ACTIVITY: The data below contains pictures, which are to be skipped; the lines starting at the line with "At this point I'd" and ending at the line with "Röd klassisk träljusstake" are to be output exactly, both ends included.

AVAILABLE DATA:
%%
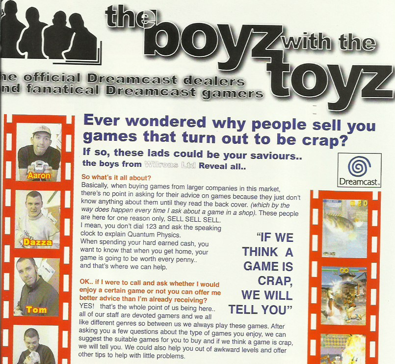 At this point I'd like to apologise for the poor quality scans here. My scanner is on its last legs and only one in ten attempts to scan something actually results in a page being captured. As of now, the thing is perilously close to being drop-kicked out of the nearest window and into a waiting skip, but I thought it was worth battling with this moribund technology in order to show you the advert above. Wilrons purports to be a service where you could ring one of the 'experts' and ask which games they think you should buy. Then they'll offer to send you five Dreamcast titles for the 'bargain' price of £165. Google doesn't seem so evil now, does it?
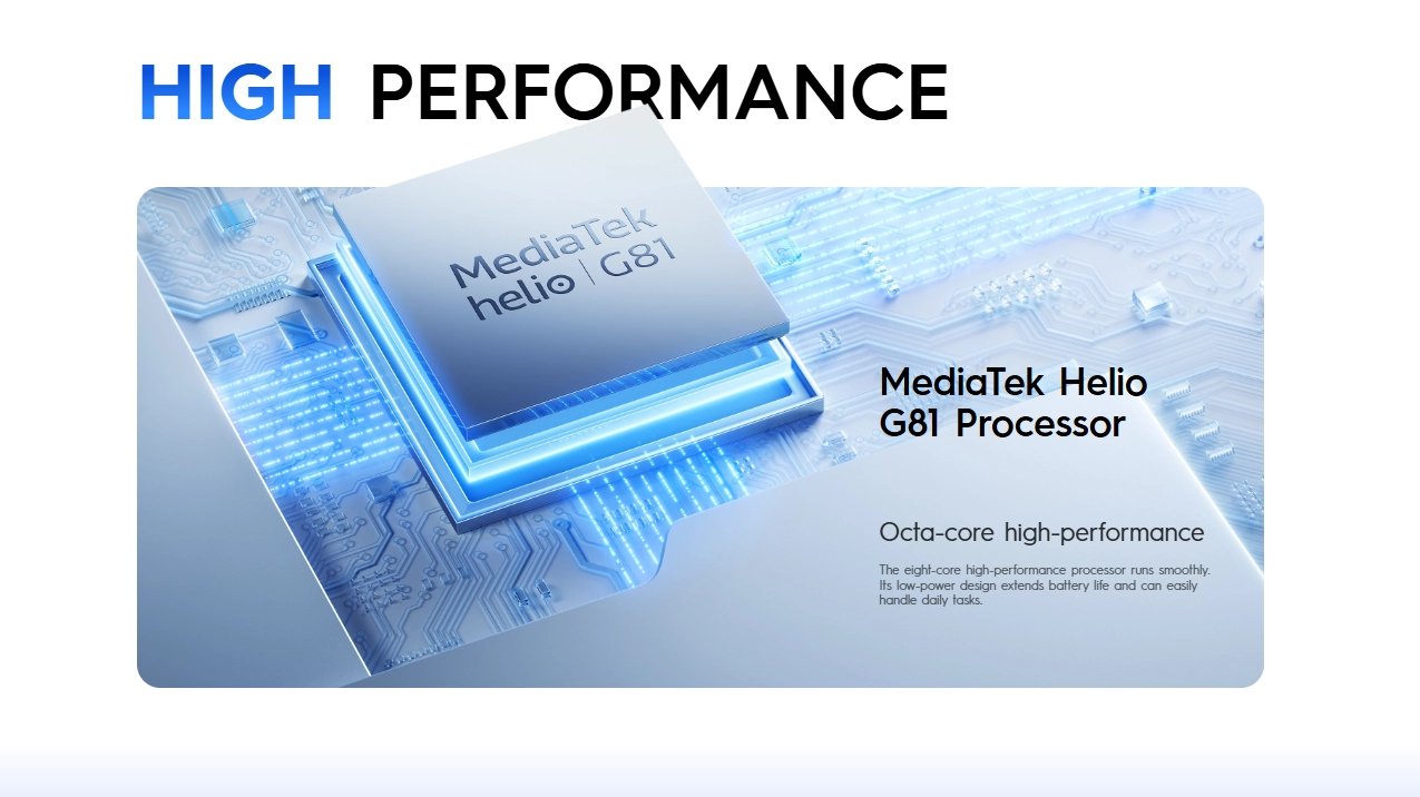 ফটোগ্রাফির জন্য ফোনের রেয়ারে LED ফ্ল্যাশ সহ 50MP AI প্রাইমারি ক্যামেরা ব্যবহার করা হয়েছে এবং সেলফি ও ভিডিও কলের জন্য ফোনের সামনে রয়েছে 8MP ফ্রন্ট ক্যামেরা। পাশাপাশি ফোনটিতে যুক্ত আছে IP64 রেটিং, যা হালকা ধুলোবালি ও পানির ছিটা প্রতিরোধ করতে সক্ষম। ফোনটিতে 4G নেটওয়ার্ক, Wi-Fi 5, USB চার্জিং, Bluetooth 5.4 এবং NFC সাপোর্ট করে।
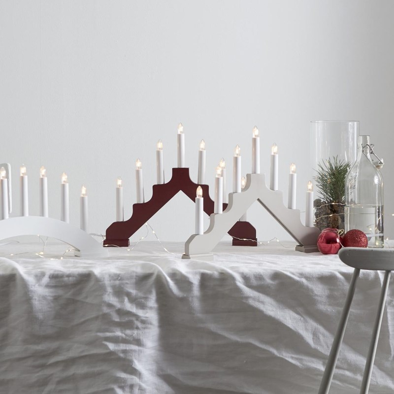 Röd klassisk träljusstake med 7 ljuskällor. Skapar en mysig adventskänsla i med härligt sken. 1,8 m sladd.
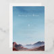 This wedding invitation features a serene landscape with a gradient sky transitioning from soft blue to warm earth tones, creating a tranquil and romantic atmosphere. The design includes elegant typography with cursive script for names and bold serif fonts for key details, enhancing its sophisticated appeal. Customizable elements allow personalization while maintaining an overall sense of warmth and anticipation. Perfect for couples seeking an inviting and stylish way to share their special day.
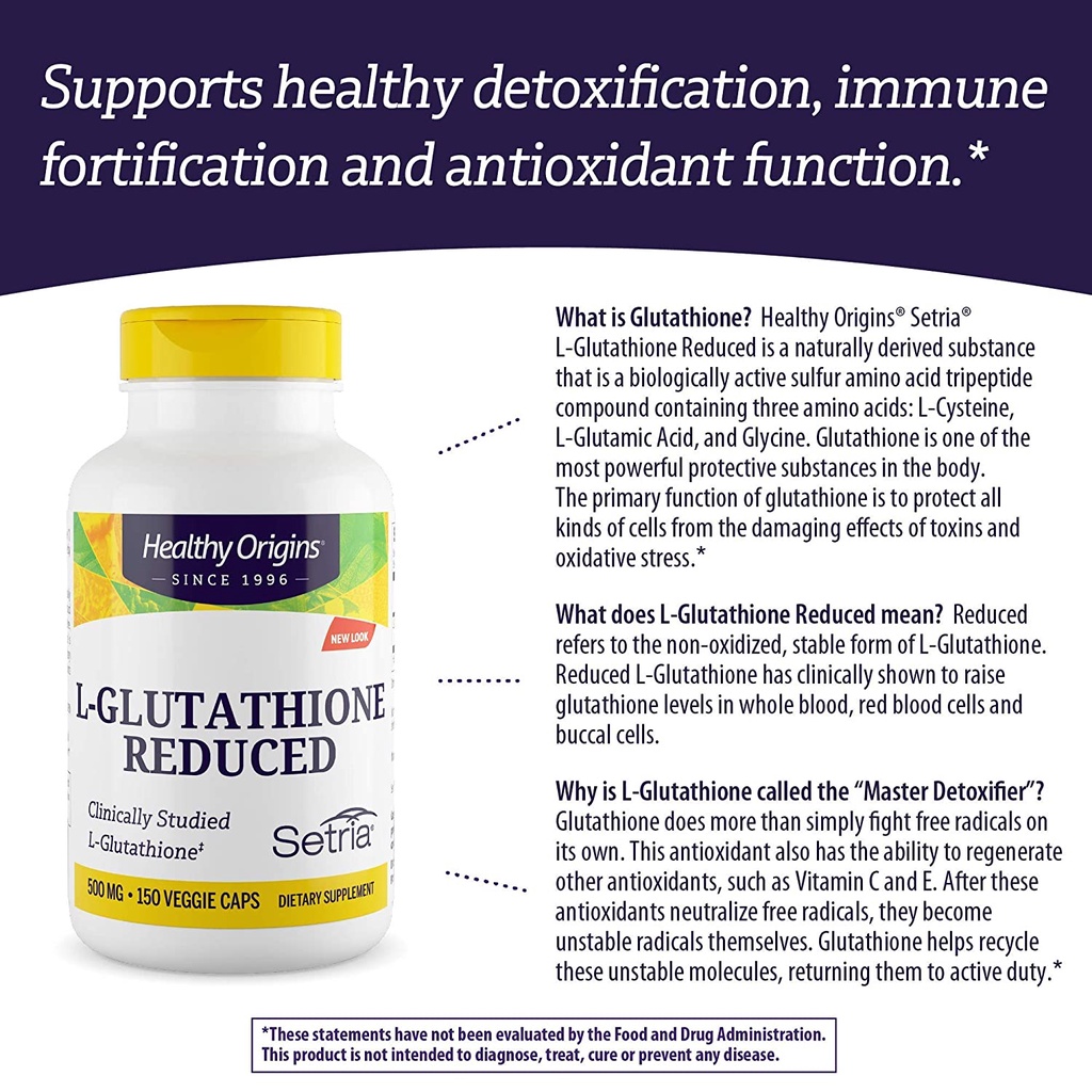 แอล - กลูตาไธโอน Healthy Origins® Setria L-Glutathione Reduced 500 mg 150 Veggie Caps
%%
%%
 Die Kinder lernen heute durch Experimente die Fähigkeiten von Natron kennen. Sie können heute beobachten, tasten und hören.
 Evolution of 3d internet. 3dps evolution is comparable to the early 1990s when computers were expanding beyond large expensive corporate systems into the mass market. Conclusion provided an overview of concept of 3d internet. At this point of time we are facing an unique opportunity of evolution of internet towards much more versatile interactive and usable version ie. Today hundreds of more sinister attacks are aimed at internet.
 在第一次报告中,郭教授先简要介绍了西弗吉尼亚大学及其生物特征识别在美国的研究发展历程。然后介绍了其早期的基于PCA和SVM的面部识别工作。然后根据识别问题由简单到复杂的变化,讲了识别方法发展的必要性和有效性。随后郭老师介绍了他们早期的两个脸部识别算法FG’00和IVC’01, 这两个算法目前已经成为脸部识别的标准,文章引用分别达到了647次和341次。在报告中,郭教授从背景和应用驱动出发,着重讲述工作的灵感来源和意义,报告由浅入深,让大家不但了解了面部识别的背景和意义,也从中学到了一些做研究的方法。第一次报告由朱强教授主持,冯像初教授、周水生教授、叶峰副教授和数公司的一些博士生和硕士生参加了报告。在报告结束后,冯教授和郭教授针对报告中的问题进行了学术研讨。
%%
%%
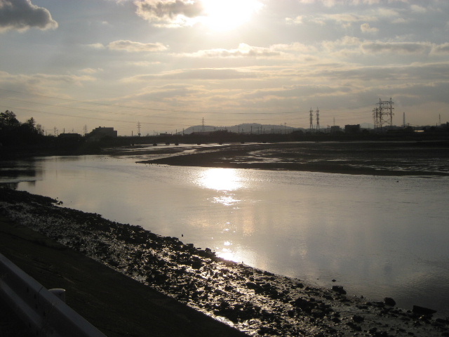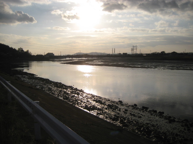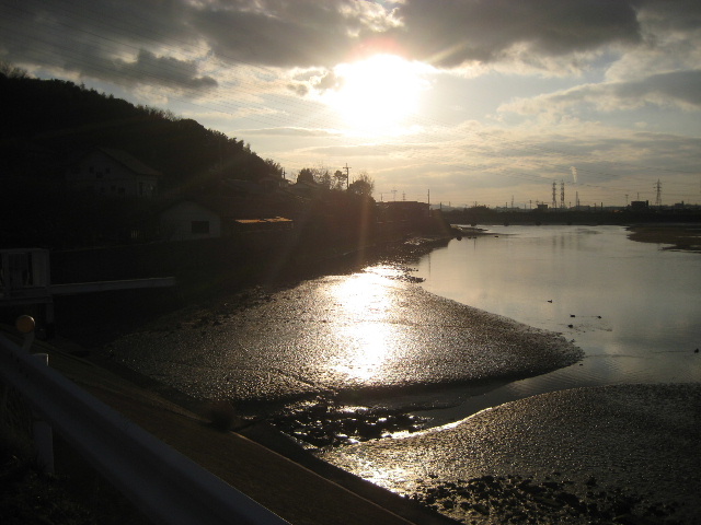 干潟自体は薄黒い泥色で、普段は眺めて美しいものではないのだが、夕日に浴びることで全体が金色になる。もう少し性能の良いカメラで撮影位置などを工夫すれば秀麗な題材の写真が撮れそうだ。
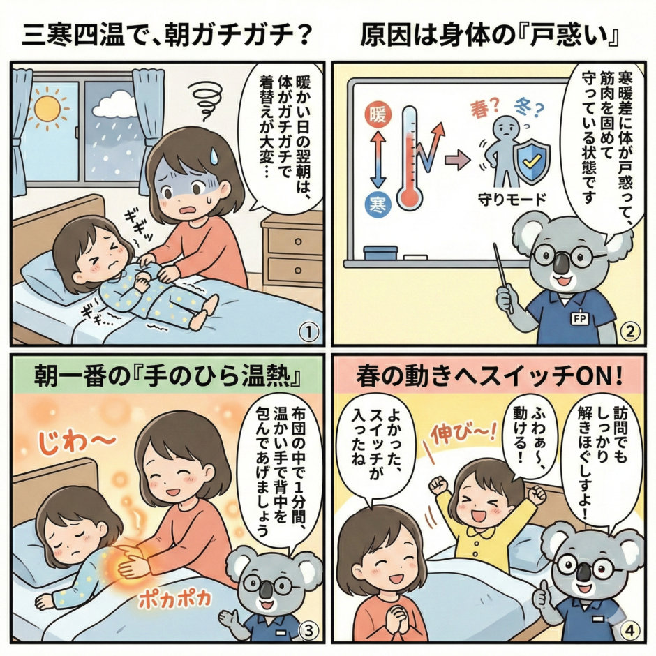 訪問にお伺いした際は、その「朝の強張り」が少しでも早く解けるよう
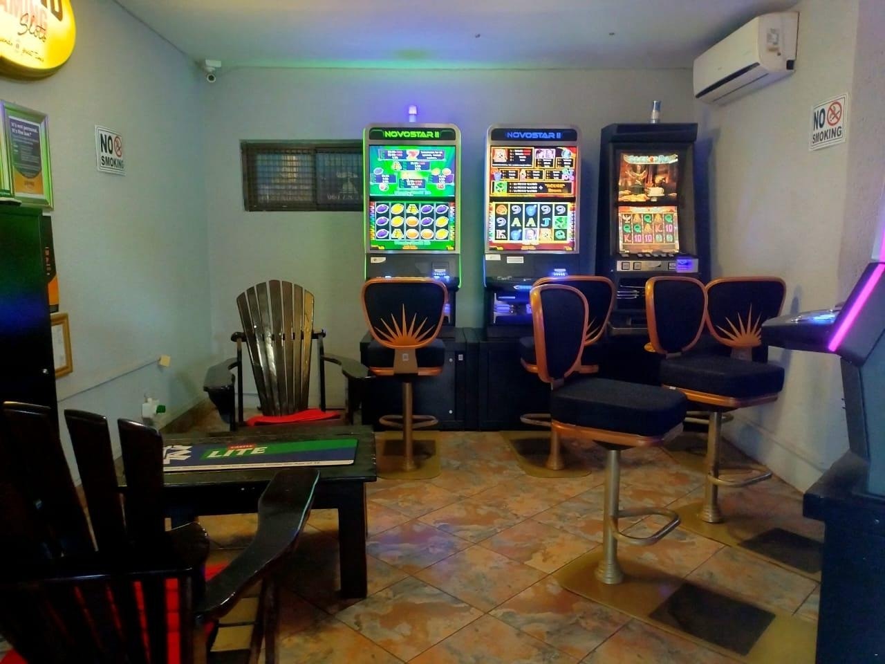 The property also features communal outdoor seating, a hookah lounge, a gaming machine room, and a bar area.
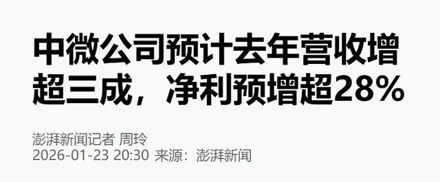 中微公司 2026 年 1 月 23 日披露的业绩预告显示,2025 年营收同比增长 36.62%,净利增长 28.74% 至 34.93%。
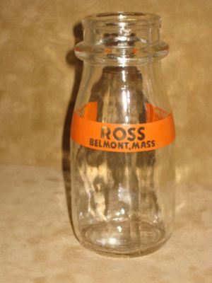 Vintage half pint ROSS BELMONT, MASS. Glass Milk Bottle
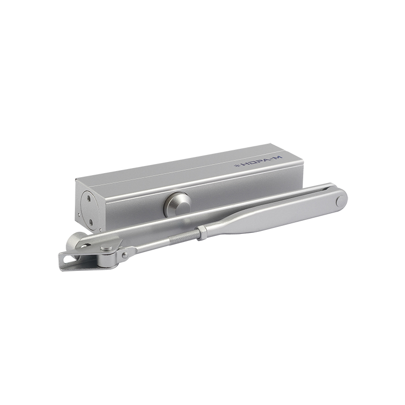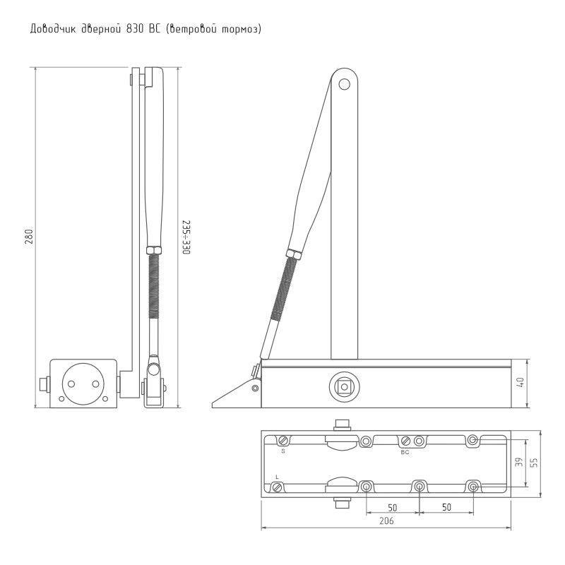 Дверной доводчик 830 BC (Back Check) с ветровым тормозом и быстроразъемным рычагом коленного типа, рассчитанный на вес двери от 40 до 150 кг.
%%
PROBLEM SOLUTION:
 At this point I'd like to apologise for the poor quality scans here. My scanner is on its last legs and only one in ten attempts to scan something actually results in a page being captured. As of now, the thing is perilously close to being drop-kicked out of the nearest window and into a waiting skip, but I thought it was worth battling with this moribund technology in order to show you the advert above. Wilrons purports to be a service where you could ring one of the 'experts' and ask which games they think you should buy. Then they'll offer to send you five Dreamcast titles for the 'bargain' price of £165. Google doesn't seem so evil now, does it?
 ফটোগ্রাফির জন্য ফোনের রেয়ারে LED ফ্ল্যাশ সহ 50MP AI প্রাইমারি ক্যামেরা ব্যবহার করা হয়েছে এবং সেলফি ও ভিডিও কলের জন্য ফোনের সামনে রয়েছে 8MP ফ্রন্ট ক্যামেরা। পাশাপাশি ফোনটিতে যুক্ত আছে IP64 রেটিং, যা হালকা ধুলোবালি ও পানির ছিটা প্রতিরোধ করতে সক্ষম। ফোনটিতে 4G নেটওয়ার্ক, Wi-Fi 5, USB চার্জিং, Bluetooth 5.4 এবং NFC সাপোর্ট করে।
 Röd klassisk träljusstake med 7 ljuskällor. Skapar en mysig adventskänsla i med härligt sken. 1,8 m sladd.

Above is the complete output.